## The problem
Starting at the line that contains "The main challenge", transcribe each line exactly through the end of the data below, and skip any pictures.
————
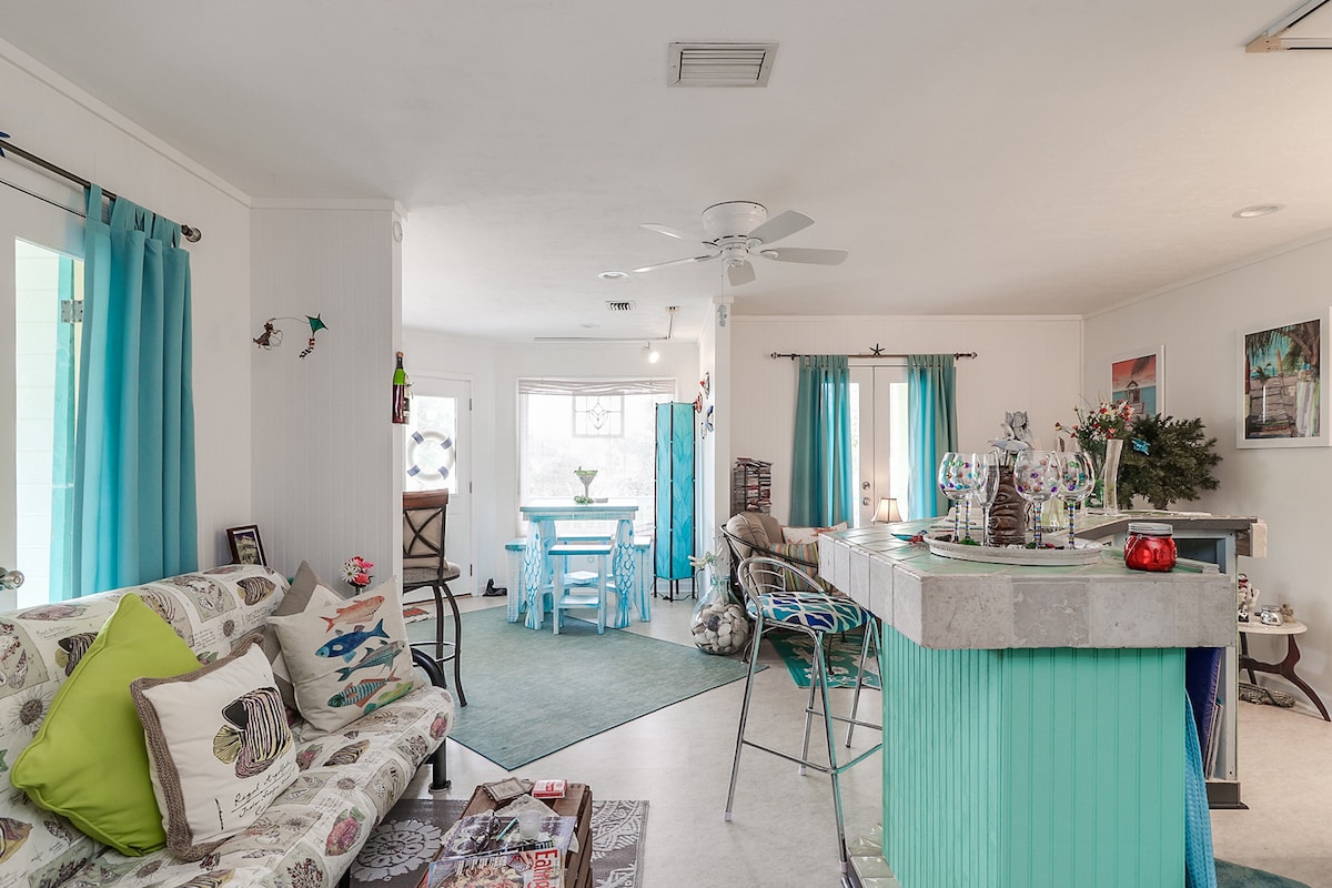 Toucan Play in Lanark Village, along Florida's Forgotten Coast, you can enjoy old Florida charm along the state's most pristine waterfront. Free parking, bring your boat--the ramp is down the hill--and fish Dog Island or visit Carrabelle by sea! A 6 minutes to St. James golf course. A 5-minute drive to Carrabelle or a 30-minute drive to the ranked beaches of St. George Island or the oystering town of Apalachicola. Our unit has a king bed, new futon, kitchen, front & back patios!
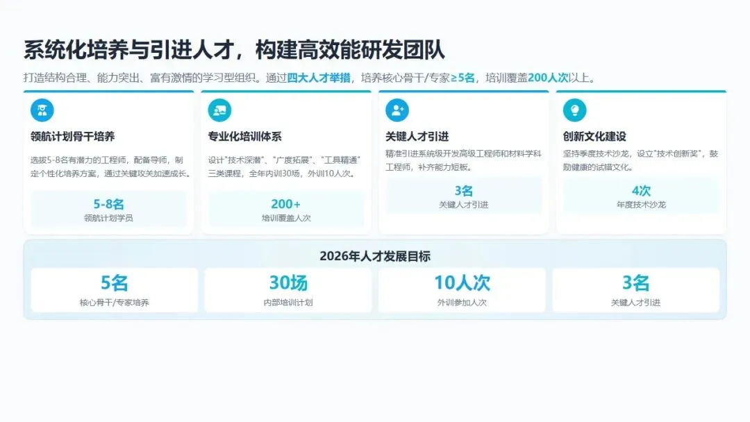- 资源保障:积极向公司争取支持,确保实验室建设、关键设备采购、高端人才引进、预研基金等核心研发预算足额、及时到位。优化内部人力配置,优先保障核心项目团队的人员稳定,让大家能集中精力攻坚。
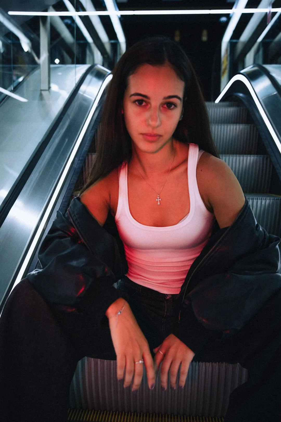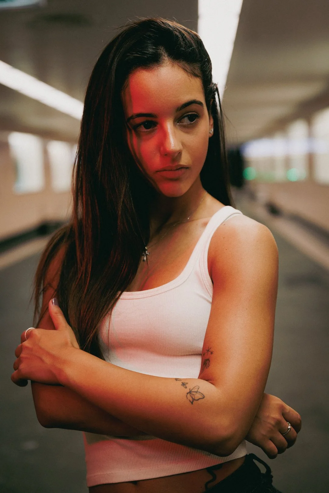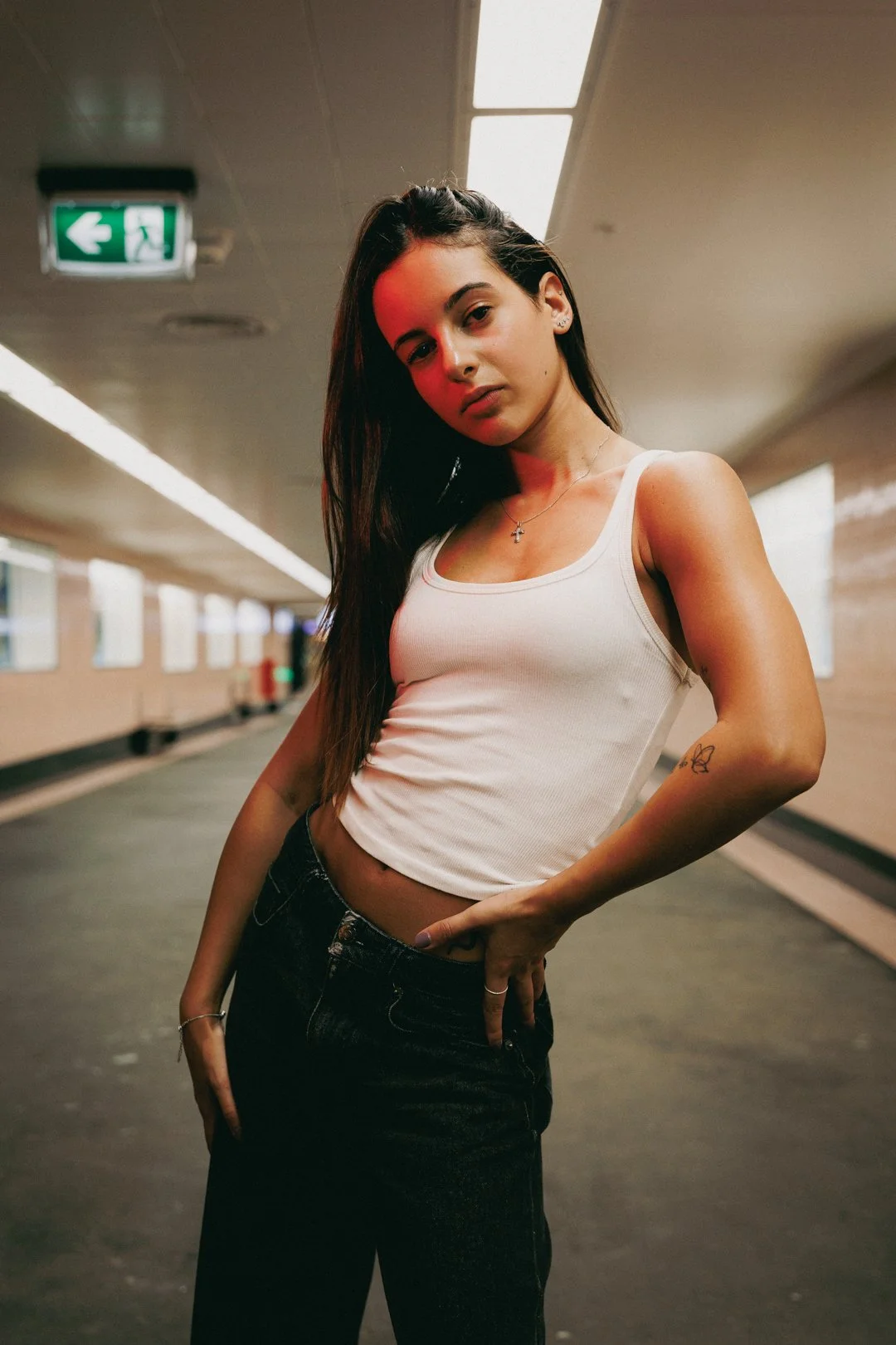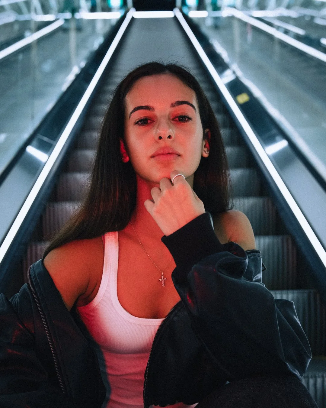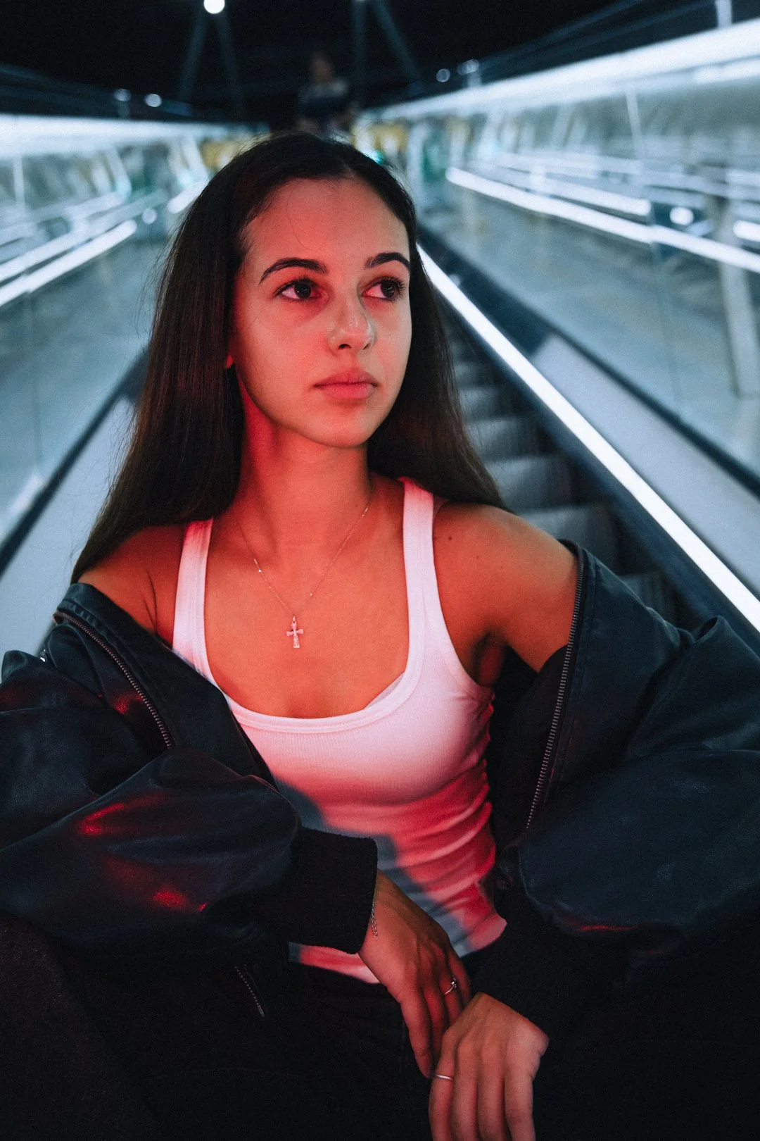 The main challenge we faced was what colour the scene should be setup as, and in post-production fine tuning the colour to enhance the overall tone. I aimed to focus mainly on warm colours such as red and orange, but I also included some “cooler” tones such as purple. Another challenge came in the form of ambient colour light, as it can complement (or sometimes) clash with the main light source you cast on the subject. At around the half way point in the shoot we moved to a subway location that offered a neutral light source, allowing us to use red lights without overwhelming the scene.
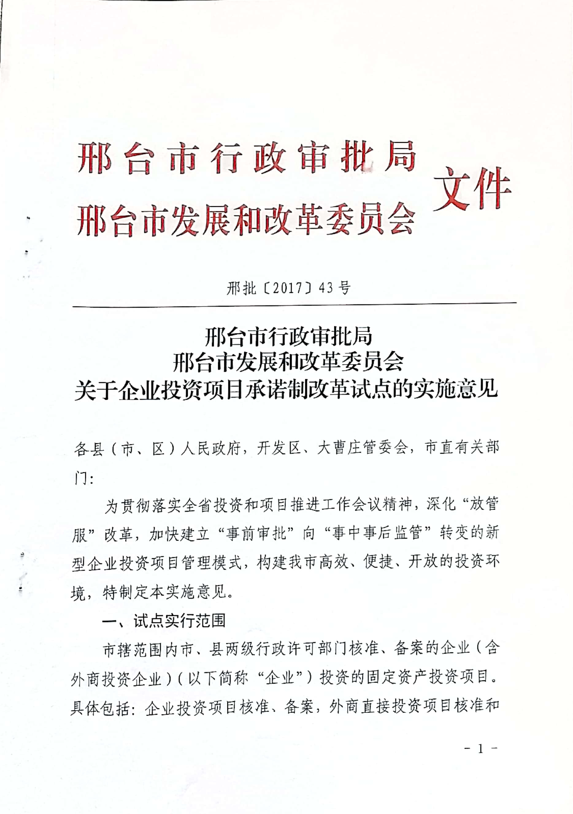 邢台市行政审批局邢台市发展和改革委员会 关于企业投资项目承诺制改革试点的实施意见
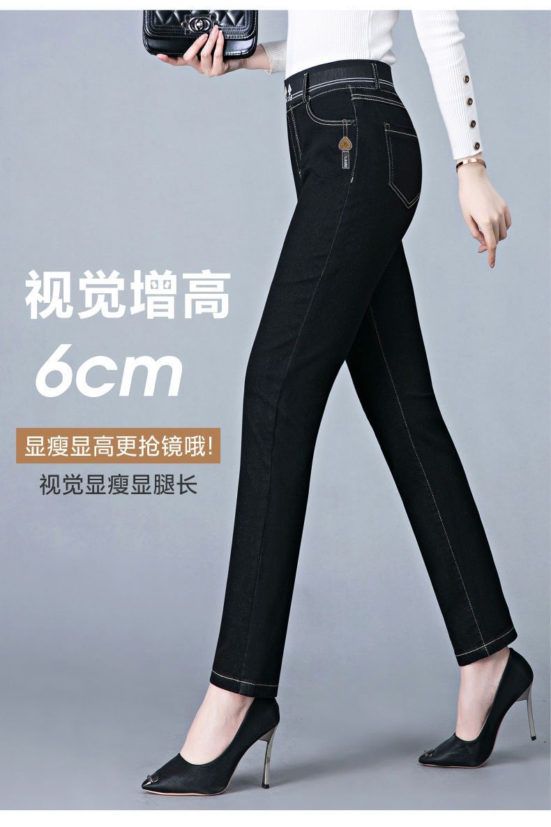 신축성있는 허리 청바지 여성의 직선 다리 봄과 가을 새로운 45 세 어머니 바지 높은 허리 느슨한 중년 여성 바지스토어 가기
————
## Task answer
 The main challenge we faced was what colour the scene should be setup as, and in post-production fine tuning the colour to enhance the overall tone. I aimed to focus mainly on warm colours such as red and orange, but I also included some “cooler” tones such as purple. Another challenge came in the form of ambient colour light, as it can complement (or sometimes) clash with the main light source you cast on the subject. At around the half way point in the shoot we moved to a subway location that offered a neutral light source, allowing us to use red lights without overwhelming the scene.
 邢台市行政审批局邢台市发展和改革委员会 关于企业投资项目承诺制改革试点的实施意见
 신축성있는 허리 청바지 여성의 직선 다리 봄과 가을 새로운 45 세 어머니 바지 높은 허리 느슨한 중년 여성 바지스토어 가기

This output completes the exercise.